【肩こり対策】上下の歯は離しましょう    【足うら】竹踏みは小指側で踏みましょう

足首のゆがみ 回内足と回外足

かかとの骨が傾くと足首はゆがむ

かかとの骨が内側方向に傾くと回内足(over pronation)、かかとの骨がが外側に傾くと回外足(spination)といいます。
かかとが傾いた状態は積み木の最下段が傾いているのと同じです。バランスをとろうとして他の部分に負担がかかり、外反母趾・変形性膝関節症・O脚・X脚・腰痛・肩こりなど、影響が出ます。

足部

かかとの骨が内側にかたむくと”回内足(扁平足)”

回内足
かかとの骨が内側に傾き、足の裏が外側を向く

回内足(over pronation)とは、「かかとの骨が内側に傾いて、足の裏が外側を向いた状態」です。

・日本人の70%以上が回内足と言われている

・X脚になりやすい

・足首内側の靭帯を傷める「外反捻挫」を起こしやすい

・内側に荷重がかかりやすいので、偏平足・外反母趾・内反小趾・変形性膝関節症・変形性股関節症・反り腰につながる

回内足対策には硬めのインソールがおすすめ

回内足の原因は多岐に渡ります。身体の使い方を直そうにも広範囲をケアすることになってしまい、ストレッチやトレーニングで修正させることが難しいのが現状です。おそらく検索しても対処法は出てきません。
そこで、専用インソールで補正するのがおすすめです。

 「回内足用インソール」を検索すると、候補がたくさん出てきてどれを選ぶべきかの判断に困ると思います。「クッション性重視」「パットでアーチを支える」タイプなどがありますが、回内足におすすめなのは「硬め」のインソールです。

インソール装着時
かかとがヒールカップにぴったり収まるサイズを選ぶ

硬めのインソールをおすすめする理由

硬めのインソールは、本来備わっている「バネ機能を使う」ことを目的としているため、足裏のアーチに関連する筋力が強化されます。筋力が上がりバネ機能をうまく使えるようになると根本的な修正になります。

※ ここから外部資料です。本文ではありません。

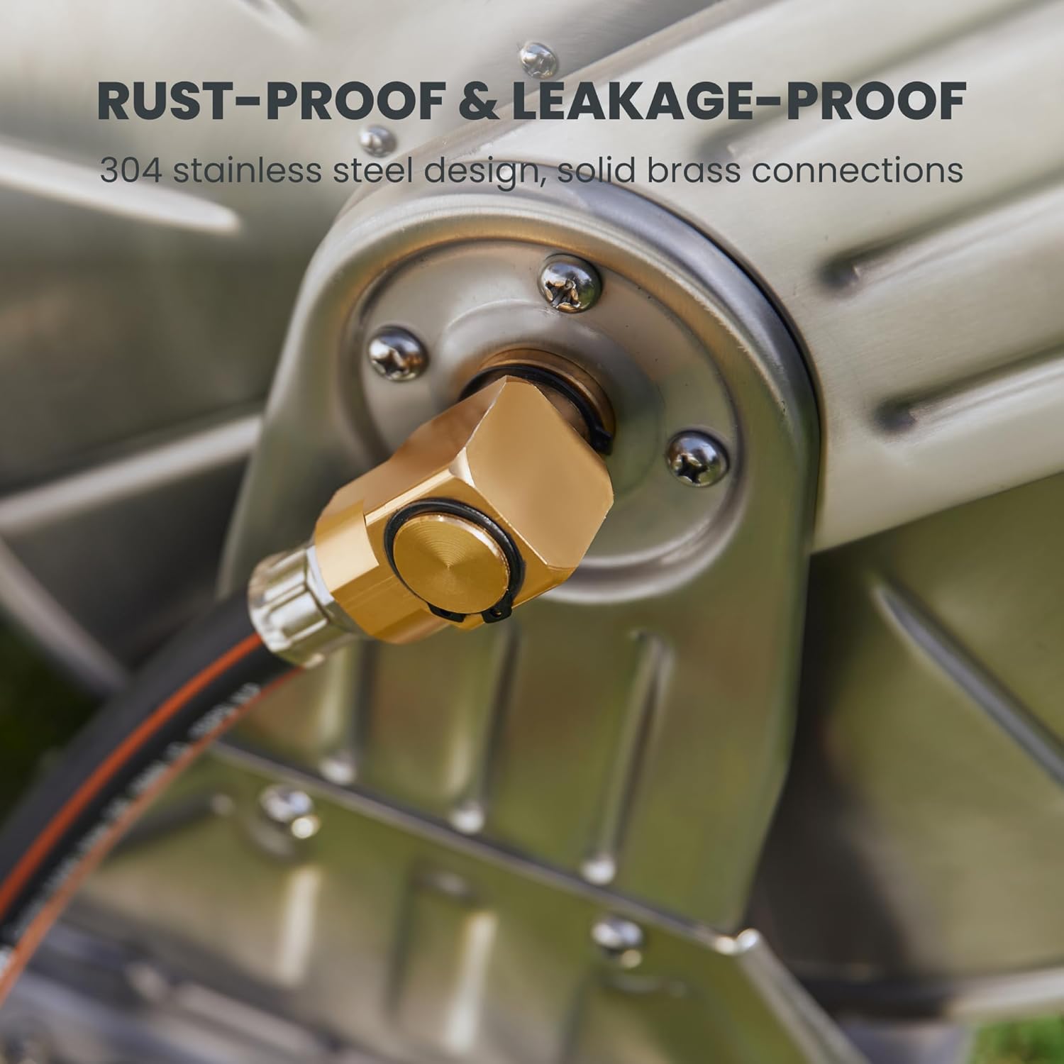 - Heavy Duty Construction: Industrial grade stainless steel makes the hose reel cart solid and durable, corrosion and impact restitant, and the solid brass connector features leakage-proof and wear-resitant, together ensuring a long service life.

一方、クッション性重視のインソールは、衝撃吸収性は高いもののバネが機能しなくなり、疲労してくるとアーチを維持できなくなります。砂の上を歩くといつもより疲れるのと同じです。

アメリカ式インソールとドイツ式インソール

アメリカ式は「機能のサポート」
足裏のアーチの役割である「バネ機能のサポート」に重点を置いたインソールがアメリカ式で、インソール自体が硬いという特徴があります。

ドイツ式は「形状のサポート+疲労軽減」
パッドでアーチ全体を支える「形状サポート」インソールはドイツ式と言われ、土踏まずの形状を修正する効果と足裏の疲労軽減効果があります。しかし、着地の際に土踏まずの沈みこみが起きないため、バネの役割が機能しません。インソール自体にクッション性があり、日本ではドイツ式が代表的です。

アメリカ式ドイツ式
バネ機能
クッション性
日本での普及率

回内足対策としては足裏のアーチ機能を働かせられるという理由で、インソールは「硬め」がおすすめです。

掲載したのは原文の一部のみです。